---- DATA TO USE

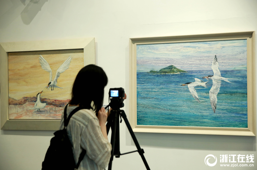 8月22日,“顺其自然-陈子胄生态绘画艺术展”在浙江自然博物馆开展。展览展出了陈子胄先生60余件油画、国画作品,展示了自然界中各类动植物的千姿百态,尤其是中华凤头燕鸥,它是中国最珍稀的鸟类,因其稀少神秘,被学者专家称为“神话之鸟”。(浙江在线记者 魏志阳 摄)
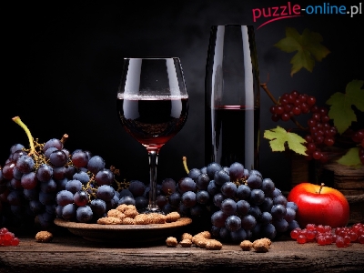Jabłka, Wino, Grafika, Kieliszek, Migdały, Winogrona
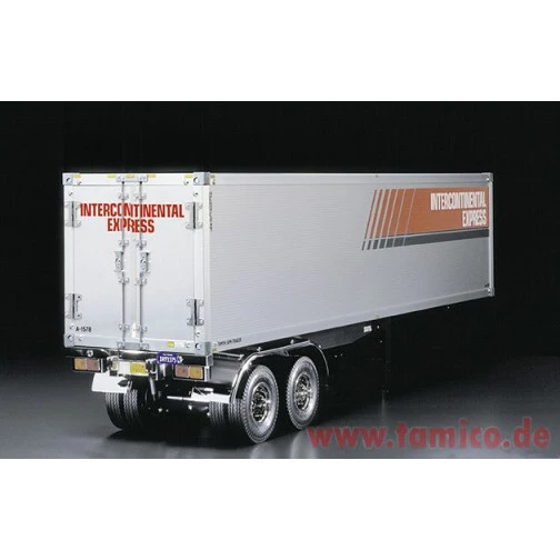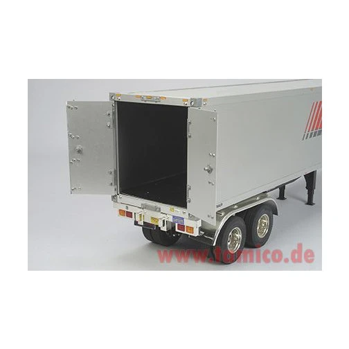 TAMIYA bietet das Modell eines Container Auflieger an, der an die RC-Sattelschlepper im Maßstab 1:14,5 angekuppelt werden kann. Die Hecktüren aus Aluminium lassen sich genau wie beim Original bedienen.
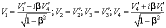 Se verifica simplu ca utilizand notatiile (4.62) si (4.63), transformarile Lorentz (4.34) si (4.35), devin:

--------
---- DATA TO USE

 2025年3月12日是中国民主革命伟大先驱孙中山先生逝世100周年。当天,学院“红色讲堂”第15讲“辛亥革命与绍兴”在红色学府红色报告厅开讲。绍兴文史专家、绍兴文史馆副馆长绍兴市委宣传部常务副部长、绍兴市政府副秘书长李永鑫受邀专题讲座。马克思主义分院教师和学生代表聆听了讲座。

--------
---- DATA TO USE

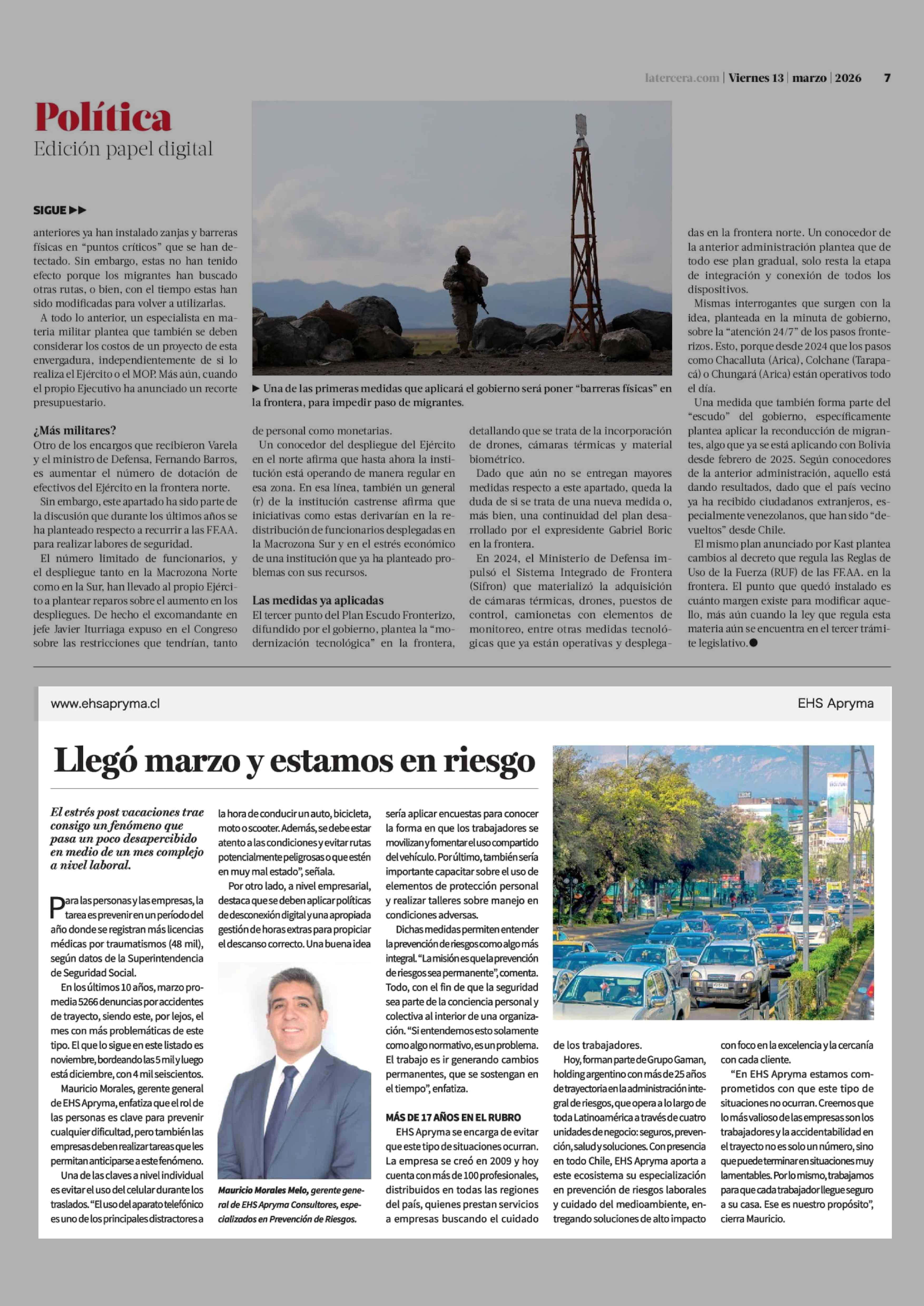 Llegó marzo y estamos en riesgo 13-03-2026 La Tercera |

--------

(EXERCISE DIRECTIONS):
Write down exactly what the lines above say, from the line holding "Jabłka, Wino, Grafika, Kieliszek, Migdały, Winogrona" through the line holding "Se verifica simplu", and nothing more. Do not copy the pictures.

(RESPONSE):
Jabłka, Wino, Grafika, Kieliszek, Migdały, Winogrona
 TAMIYA bietet das Modell eines Container Auflieger an, der an die RC-Sattelschlepper im Maßstab 1:14,5 angekuppelt werden kann. Die Hecktüren aus Aluminium lassen sich genau wie beim Original bedienen.
 Se verifica simplu ca utilizand notatiile (4.62) si (4.63), transformarile Lorentz (4.34) si (4.35), devin:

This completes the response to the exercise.